(VIDEO) An Archbishop’s Rebuke for the Common Good
by Lon Newman, Family Planning Health Services
February 17, 2010 - 7:00am (Print)
"A defender of the church,” proclaimed the Milwaukee Journal Sentinel headline for an extensive story about the new Archbishop-designate, Jerome Listecki. The subtitle for the article was: “Archbishop designate Listecki vows collaboration, but unafraid of debate.” The subtitle was probably derived from the bishop’s description of how he planned to participate in the political process. He said: “If we don’t challenge one another’s statements, then we’re relinquishing our responsibility to the common good.
The following month, young Catholics for Choice (yCFC - a Washington D.C. based organization) and Family Planning Health Services (FPHS – an agency with family planning clinics in eight Wisconsin counties) formed a unique sectarian-secular advertising partnership, produced informational ads for broadcast, and then embarked on a two-day Wisconsin “road-trip” to draw media attention to their campaign and to build public (including the Catholic public) awareness and knowledge about emergency contraception.

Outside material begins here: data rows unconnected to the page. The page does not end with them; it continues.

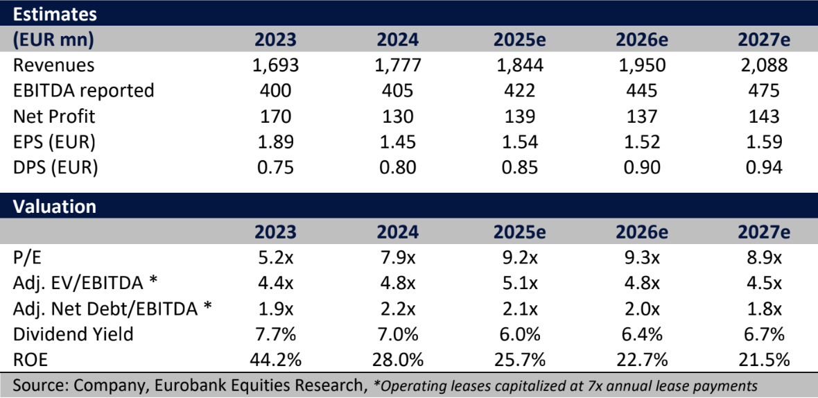 Η Aegean διατηρεί ισχυρή χρηματοοικονομική θέση, με δείκτη net debt/EBITDA κάτω από 2x το 2025, παρά τις συνεχιζόμενες επενδύσεις σε στόλο, με μείωση στο 1x μετά το 2027. Η ισχυρή ικανότητα δημιουργίας ταμειακών ροών -που παραδοσιακά μετατρέπει το 45-50% του EBITDA σε ελεύθερες ταμειακές ροές- παρέχει περιθώρια για συνέχιση των διανομών προς τους μετόχους. Από την επαναφορά των μερισμάτων το 2023, η Aegean διατηρεί ένα ελκυστικό προφίλ πληρωμών. Υποθέτοντας αναλογία πληρωμής (payout ratio) άνω του 50%, σε συντονισμό με το ιστορικό 60-90%, η Eurobank Equities αναμένει μερισματική απόδοση της τάξης του 6-7%, χαρακτηρίζοντας τη μετοχή ως solid dividend play.
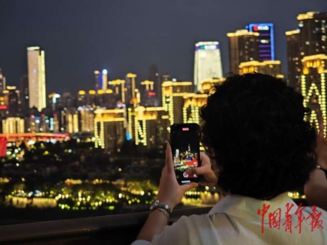 天露在拍摄重庆夜景。中青报·中青网记者 耿学清/摄
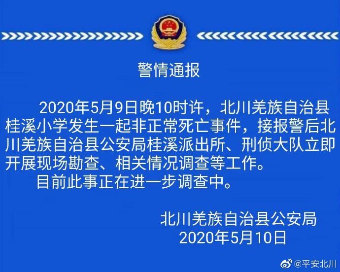 荔枝新闻讯 5月10日,据平安北川消息:5月9日晚10时许,北川羌族自治县桂溪小学发生一起非正常死亡事件,接报警后北川羌族自治县公安局桂溪派出所、刑侦大队立即开展现场勘查、相关情况调查等工作。
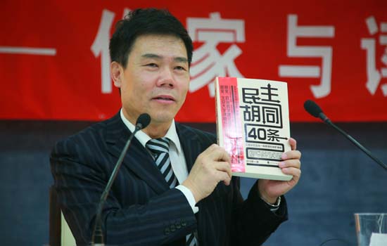 司马南,从公务员、报社记者到电视节目主持人……不管角色如何转变,他却始终没有放弃内心的追求,用率性犀利的笔触,描绘着民主进程。2011年1月,其新著《民主胡同40条》一经面世,便在京城掀起了一股胡同风。他用激扬的文字和理性的思考,叩问政治体制改革路在何方,“胡同”虽窄,确可通衢。
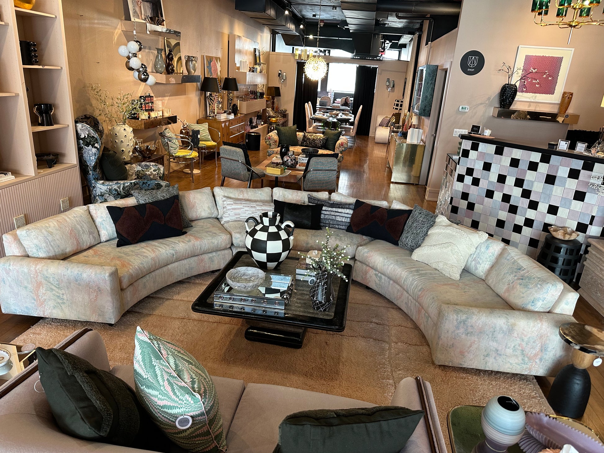 Vintage semi-circle, 3 piece sofa in original 1980’s fabric in excellent condition.
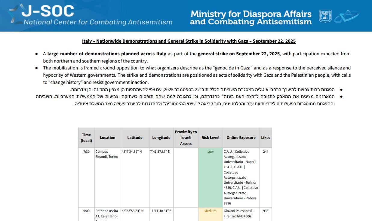 Scopriamo con sconcerto che, in un report sul sito Ministry for Diaspora Affairs and Combating Antisemitism del Governo Israeliano pubblicato alla vigilia dello Sciopero Generale contro il genocidio a Gaza del 22 settembre 2025, il J-Soc (Centro Nazionale per Combattere l’Antisemitismo) aveva schedato ogni singola manifestazione, raduno e presidio con orari, luogo e addirittura coordinate geografiche e coefficiente di rischio, indicandone gli organizzatori e il numero di partecipanti previsti in base alle interazioni sul web.
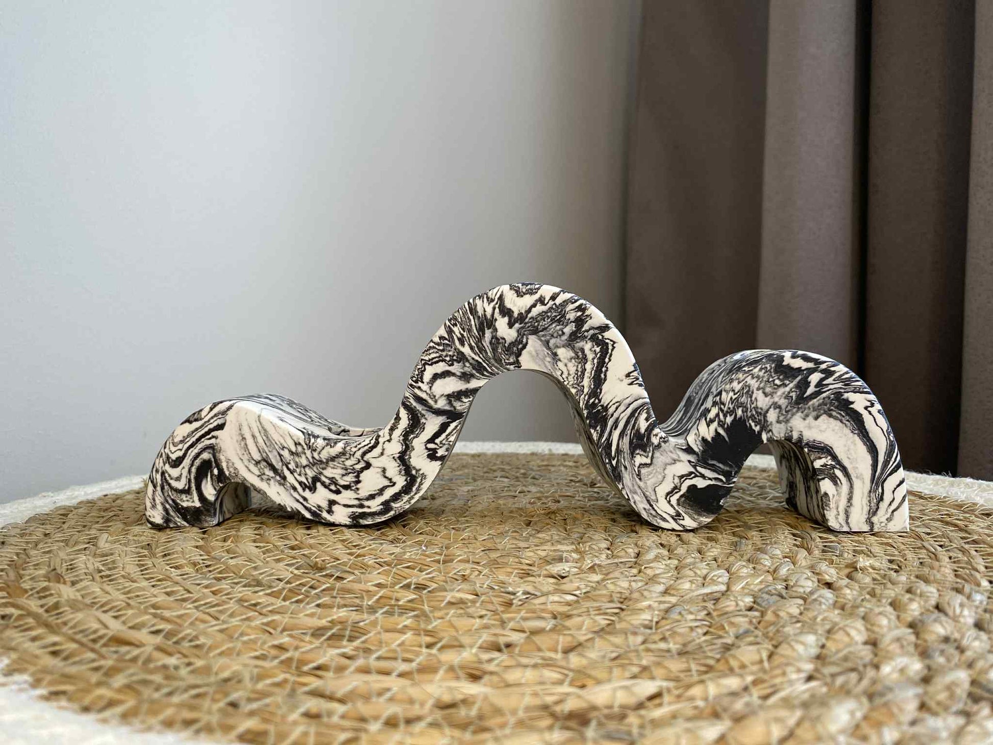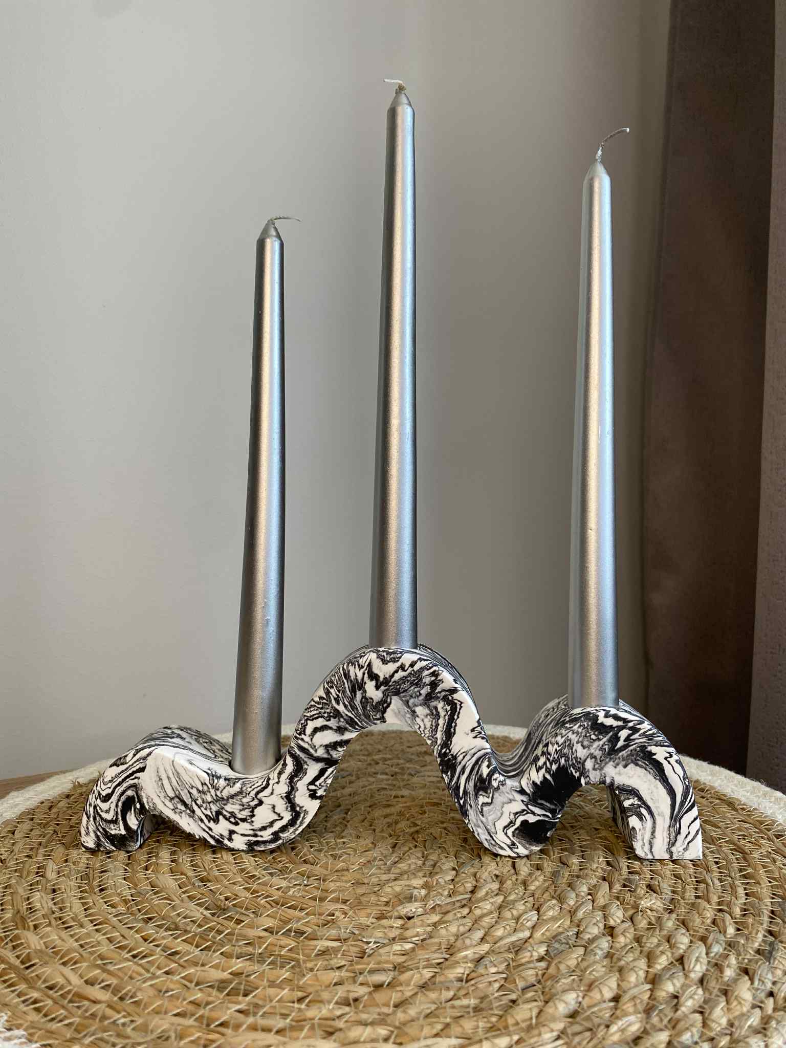 Išraiškingo dizaino žvakidė, sukurta ilgo tipo žvakėms. Pagaminta iš tvarios ir patvarios medžiagos – jesmonito, ji derina minimalistinę estetiką su subtilia forma. Lenktas siluetas suteikia gaminiui ypatingo lengvumo bei modernios elegancijos.
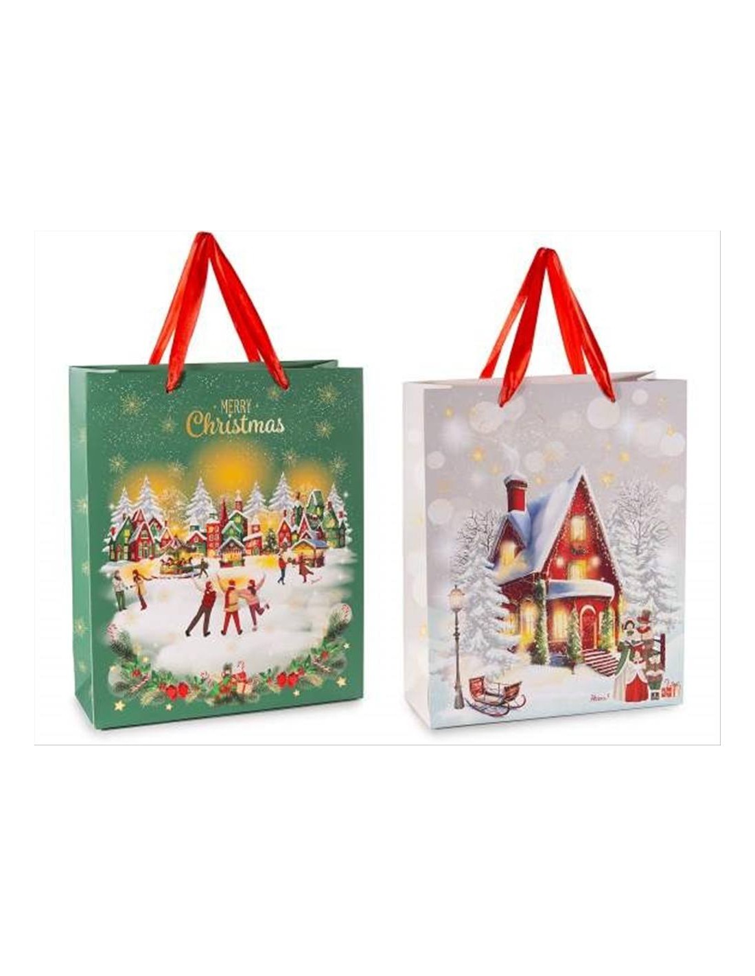 Porta i tuoi regali con stile! 🎄 Busta grande con paesaggi natalizi, disponibile in verde o bianco. Spaziosa e resistente!
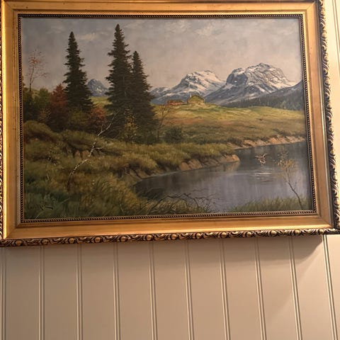 Størrelse med ramme: bredde 89 cm, høyde 60 cm. Selve maleriet er i bra stand, malingen har flasset av på enkelte steder på rammen, er ikke særlig synlig når det henger på veggen. Må hentes på Gressvik.
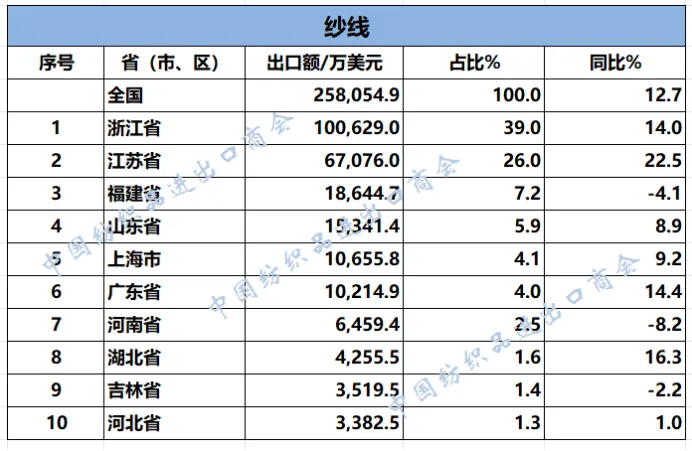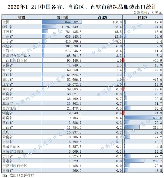 2026年1-2月,我国纺织服装累计出口504.46亿美元,同比增长17.6%。内地31个省、自治区、直辖市纺织服装统计数据已出炉,浙江省、江苏省、广东省、山东省、福建省分别列全国纺织服装出口省市前五位,合计比重超七成。2026年1-2月纺织服装类
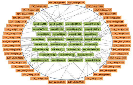 The Xoo-responsive regulatory units of miRNA/targets in infected rice plants. Numbers in internal block with light green color were miRNAs. The genes in outer block represent the targets for the counterparts in the line.
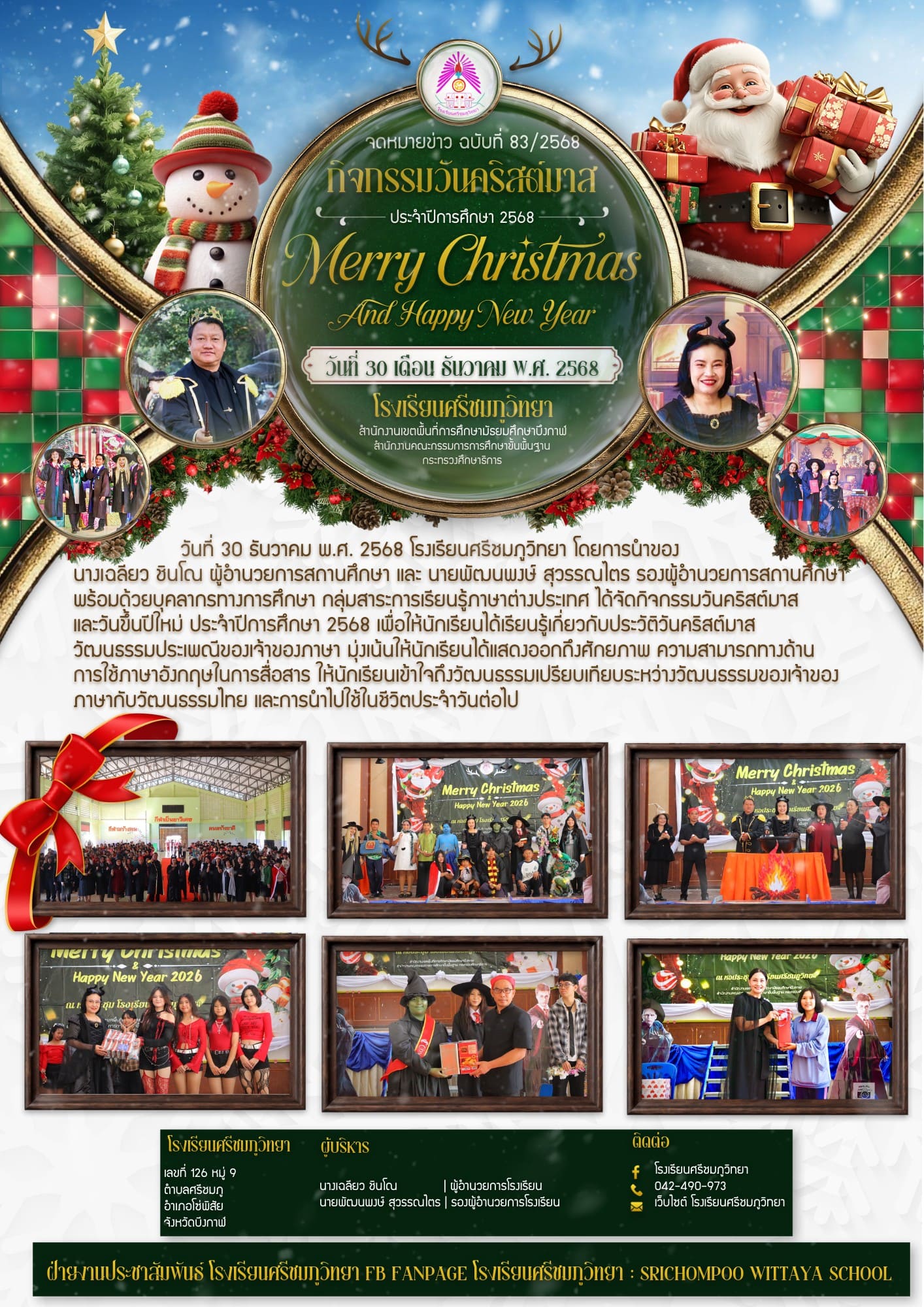 วันที่ 30 ธันวาคม พ.ศ.2568 โรงเรียนศรีชมภูวิทยา โดยการนำของนางเฉลียว ชินโณ ผู้อำนวยการสถานศึกษา และนายพัฒนพงษ์ สุวรรณไตร รองผู้อำนวยการสถานศึกษา พร้อมด้วยบุคลากรทางการศึกษา กลุ่มสาระการเรียนรู้ภาษาต่างประเทศ ได้จัดกิจกรรมวันคริสต์มาส และวันขึ้นปีใหม่ ประจำปีการศึกษา 2568 เพื่อให้นักเรียนได้เรียนรู้เกี่ยวกับประวัติวันคริสต์มาส วัฒนธรรมประเพณีของเจ้าของภาษา มุ่งเน้นให้นักเรียนได้แสดงออกถึงศักยภาพ ความสามารถทางด้านการใช้ภาษาอังกฤษในการสื่อสาร ให้นักเรียนเข้าใจถึงวัฒนธรรมเปรียบเทียบระหว่างวัฒนธรรมของเจ้าของภาษากับวัฒนธรรมไทย และการนำไปใช้ในชีวิตประจำวันต่อไป |

The purpose of the joint media campaign was two-fold: 1) to inform the public about how Plan B works so they would have it on hand in advance of need, and 2) to inform Catholic women of reproductive age that the United States Conference of Catholic Bishops health care directives permit the use of emergency contraception to prevent pregnancies resulting from rape.
In the January 2010 issue of the Journal of the Catholic Health Association of the United States, Ron Hamel, Ph.D., makes it very clear that the ethics of access to emergency contraception for Catholics needs to be fully examined and explained. Professor Hamel’s article and the YCFC/FPHS EC campaign are an effort to fulfill that responsibility when there is significant resistance.
The campaign succeeded in getting a response from the Archbishop-designate and thus succeeded in its secondary purpose. The headline on the Christmas Eve edition of the La Crosse Diocesan newspaper is: “Bishop Rejects Young Catholics for Choice Message.” The front page column ran adjacent to the departing bishop’s message. But what he rejected so prominently: “ . . . that Catholics can disregard Church teaching on contraception, abortion, and human sexuality in general and remain Catholics in good standing,” was only weakly connected to the message that yCFC and Family Planning Health Services (FPHS) were promoting.
Bishop Listecki, like most of the Catholic protesters in front of the FPHS clinic, will allow “no room for interpretation,” once the bishop’s authority has been invoked. Many within the church see the bishop’s pattern of authoritarian rebukes, condemnations, and admonitions as futile efforts to suppress dissent and they understand they are not the views of other Catholics or even the other American bishops. Just as importantly, the denials and condemnations are not solely inflicted on the faithful. The prayer vigil protestors’ and Bishop Listecki’s efforts to eliminate access to emergency contraception, if they succeed, would apply to women regardless of their faith.
Erik Cieslewicz and Brooke Sperry have produced a documentary about the joint campaign, launched the same day that another Lenten prayer vigil outside an FPHS clinic (which does not provide abortion services) begins in central Wisconsin. The video shows the challenge as well as the fun of the effort to educate the public in the face of consistent efforts to suppress and to misinform. Earlier, “40 Days for Life” prayer vigils played a large part in motivating FPHS and yCFC to cooperate in the advertising effort to correct misinformation being spread by their opponents.
I am not sure what the point is here. Whether or not you agree, in Catholicism, the local bishop is authoritative on matters of morals. It really does not matter what other Catholics or bishops say.
Can it be a sin to tell the truth? In order to respect the bishop's, now the archbishop's, authority on moral teaching, it would seem that if the bishop would like to teach about emergency contraception, it should be based on evidence and fact. The bishop continues to ignore that the US Conference of Bishops health care directives permit the use of EC to prevent pregnancy as well as to deny the evidence that Plan B does not 'cause an abortion.' FPHS is not a sectarian entity, so the partnership with yCFC brought a religious voice to the forum . . . but, from my secular point-of-view, it seems very wrong to claim moral authority from a position of determined, deliberate and persistent ignorance and denial.